Виктор лишь покачал головой, наблюдая, как его друг, широко улыбаясь своему новому серебряному достоянию, пытается поймать в воздухе несуществующие нити. Он чувствовал не столько осуждение, сколько лёгкую грусть. Ему тоже хотелось отпустить контроль, позволить себе такое простое, глупое веселье. Но мысль о цене, о возможных последствиях, о недовольном лице Громова была сильнее. Его праздник заключался в другом — в наблюдении, анализе, сборе фактов. И в этом он тоже находил свое, особое удовлетворение.

На площади в это время подожгли Древо. Огненные ленты с домов потянулись к нему, как живые, и вот уже вся металлическая конструкция полыхала чистым, бездымным пламенем. Тысячи имён сгорали дотла, а пепел взмывал вверх, смешиваясь с искрами. Виктор в последний раз увидел в толпе отца — тот, запрокинув голову, смотрел на небо, и его лицо на миг исказилось болью. А потом он развернулся и пошёл прочь, не дожидаясь конца.

Гулянья стихли с рассветом. Легионеры методично гасили последние огненные ленты. Город погружался в привычный серый полумрак. На площади, заваленной мусором, стояло лишь огромное, почерневшее, но несгоревшее Древо — скелет из прочного металла. Символ того, что даже после самого яркого огня что-то всегда остаётся.

Виктор и Павлин молча шли домой. Один — с лёгким привкусом пепла и холодной ясностью в голове. Другой — с серебряным языком и грезами о танцующих в воздухе узорах. Праздник окончился. Обычная жизнь Нищура возвращалась, предвещая трудный, но насыщенный 94 год.

***

В первый день после Новогодних каникул, восьмого Января, они не пошли на последний урок — ненавистный «Мировой Язык». Вместо этого Виктор и Павлин застыли у ржавой ограды, будто два контрабандиста, проверяющие, чиста ли территория. Ледяной ветер гнал по асфальту бумажный мусор и ошмётки оторвавшихся новогодних гирлянд. Но внутри у них горел азарт, согревающий куда лучше любого праздничного настроения.

— С Днём Рождения, Пав, — Виктор толкнул очки на переносицу, пряча глаза от ледяных порывов. — Думаю, подземелья — идеальное место для праздника. Хотя бы плесень не будет пытаться вбить в тебя архаичные спряжения.

Павлин фыркнул, поправляя галстук.

— Лучший подарок — адреналиновый побег с Языка вместо торта. Но где мой настоящий презент, Молния? Неужели ограничился поздравлением?

В ответ Виктор молча снял рюкзак и извлёк оттуда пояс из плотной чёрной кожи, искусно прошитый золотыми нитями. Внутри, словно жилы, были вплетены гибкие трубки из прозрачного кварца.

— Наливаешь, выливаешь — всё под контролем. Пока не подашь магический импульс — ни капли не просочится. Полная герметичность. Пришлось уговорить Камико проверить его...

Павлин, не скрывая восторга, почти выхватил пояс.

— Уговорил Камико?! Ты серьёзно? Это же... идеально! Я теперь как ходячий фонтан! — Он щёлкнул пальцем — струя воды вырвалась из пояса, нарисовав в воздухе мерцающую цифру «14».

Их смех эхом разнёсся по пустынному переулку, ведя их к знакомому заброшенному входу. Дверь с скрежетом поддалась, впустив их в сырой, гнетущий мрак тоннелей.

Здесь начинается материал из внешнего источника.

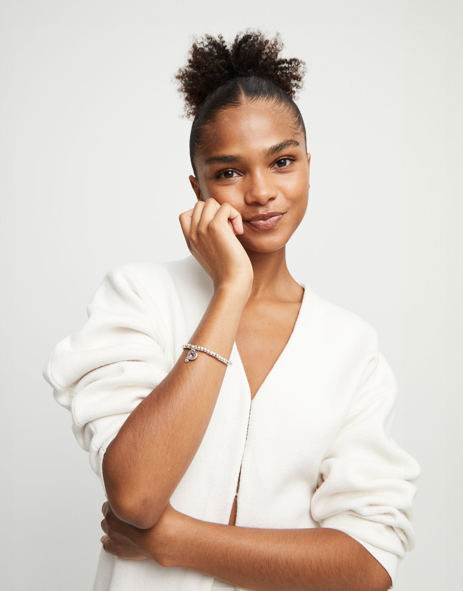 This bead stretch bracelet features a delicate heart charm complemented by a pink crystal accent, combining elegance with everyday wearability. The stretch design ensures a comfortable fit for most wrist sizes, while the carefully selected beads create a subtle yet stylish accessory. I

Они шли по новому направлению уже с полчаса, освещая путь кольцами, как вдруг из-за поворота вышли две фигуры в просторных балахонах. Серебряные маски с выщербленными краями и десятиконечными звёздами на лбах холодно поблёскивали в свете их лучей.

— Агенты Хиит. Вы не пройдёте к Священному Храму! — раздался скрипучий, безжизненный голос из-под маски мужчины.

Павлин, всегда готовый к глупой шутке, шагнул вперёд, метка на его руке засветилась мирным голубым светом.

— Эй, полегче! Мы тут ищем... э-э-э... потерянный учебник по Мировому Языку! Нэун обожает квесты, понимаете? Не видели?

Ответом был резкий взмах руки мужчины. Воздух перед ним сгустился, завихрился и с низким гулом ринулся вперёд, словно невидимая кувалда.

Удар был направлен прямо в грудь Павлина.

Это было невозможно.

Мозг Виктора отказался верить в происходящее. Магия... направленная на причинение вреда человеку? Такого не могло быть. Метка должна была заблокировать это! Она всегда блокировала! Это был абсолютный, нерушимый закон Фидерума, вбитый в них с детства.

Этот закон мог обходить только Виктор с его чёрной молнией...

Но ударная волна была вполне реальной. Виктор инстинктивно рванулся вперёд, отталкивая ошеломлённого Павлина в сторону. Воздушный таран пролетел в сантиметрах от них, с грохотом обрушив часть свода позади и окутав всё облаком пыли. Павлин смотрел на фанатика широко раскрытыми глазами, в которых читался чистый, животный ужас от нарушения самого фундаментального правила их города.

— Они... они могут... — он не мог вымолвить слова, отползая назад.

Женщина-культистка мягко провела рукой по мшистой стене. Под её пальцами серая плесень ожила, почернела и с противным, влажным треском рванулась вперёд по камню, превращаясь в острые, ядовито-блестящие шипы, устремлённые к ногам Виктора. Ещё одно прямое магическое нападение.

Шок парализовал их на секунду, стоившей им инициативы. Мужчина-культист снова взмахнул рукой, и на этот раз сжатый воздух обрушился на Виктора, как плеть, сбивая его с ног и швыряя на мокрый камень. Боль пронзила ребро. Шест с лязгом откатился в сторону.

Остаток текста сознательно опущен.